MEDIAC surged more than double in HKEX (as its affiliate’s IPO was heavily oversubscribed), which could provide an arbitrage opportunity to Bursa-listed MEDIAC’s shareholders. Nevertheless, the arbitrage opportunity could diminish rapidly should trading sentiment change. We made no changes to our FY18/FY19E earnings estimate and downgrade the stock rating to UP with an unchanged target price at RM0.35, based on targeted FY19E PER of 11.4x (implied -1x Std Dev below its 5-year mean).

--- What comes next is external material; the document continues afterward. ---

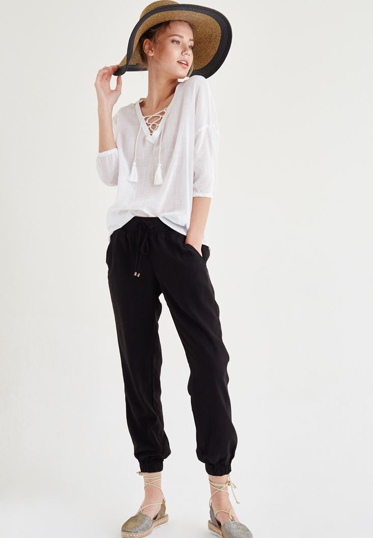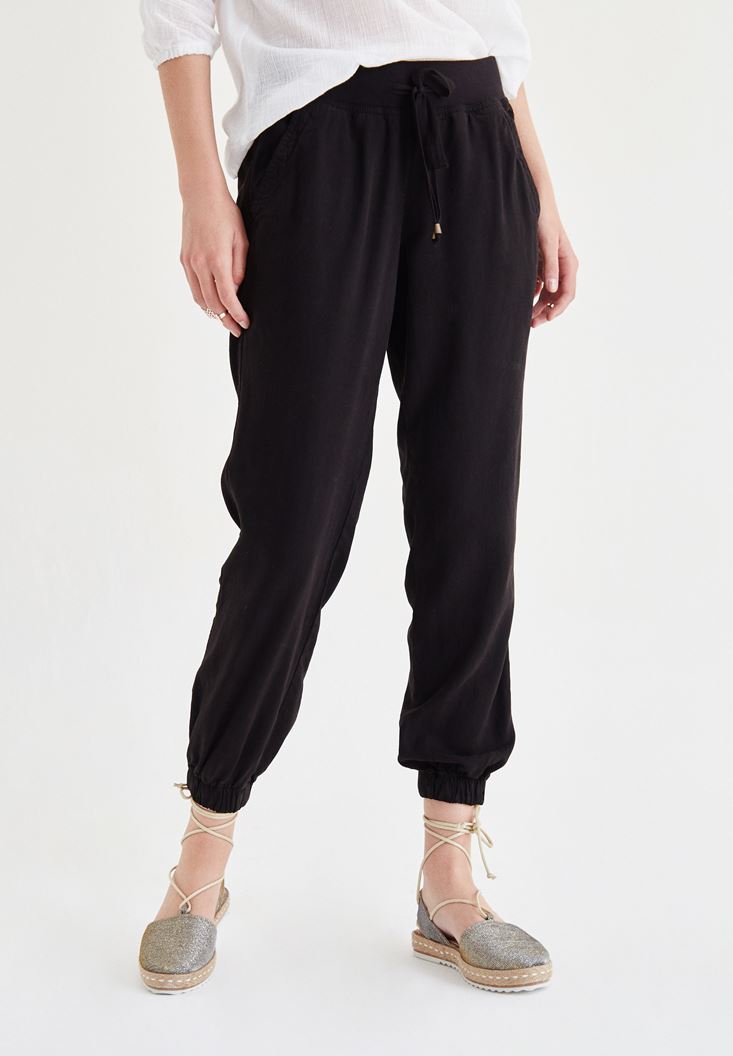 • Bayan Siyah Beli Lastikli Jogger Pantolon

Arbitrage opportunity emerging? MEDIAC closed at a strong note at RM0.43 (+c.25%) yesterday, tracking gains of its dual-listing in Hong Kong, which surged 274% over the past 2 days to HKD2.69 (or RM1.34). The surge was mainly due to the IPO of Most Kwai Chung, in which MEDIAC holds a 10% stake (or 7.5% stake post listing), witnessing overwhelming interest in its IPO subscriptions. While the current massive share price differential could provide arbitrage opportunities to MEDIAC’s shareholders, one should take note that the share transfer (from Bursa Securities to the Hong Kong Stock Exchange (“HKEX”), and vice versa) is subject to stamp duty and share registration, which could take weeks. Thus, the arbitrage opportunity may potentially diminish by then given the high trading volatility in HKEX. Besides, the negligible financial impact (to MEDIAC due to its insignificant stake in MKC) could also cool down the irrational trading sentiment.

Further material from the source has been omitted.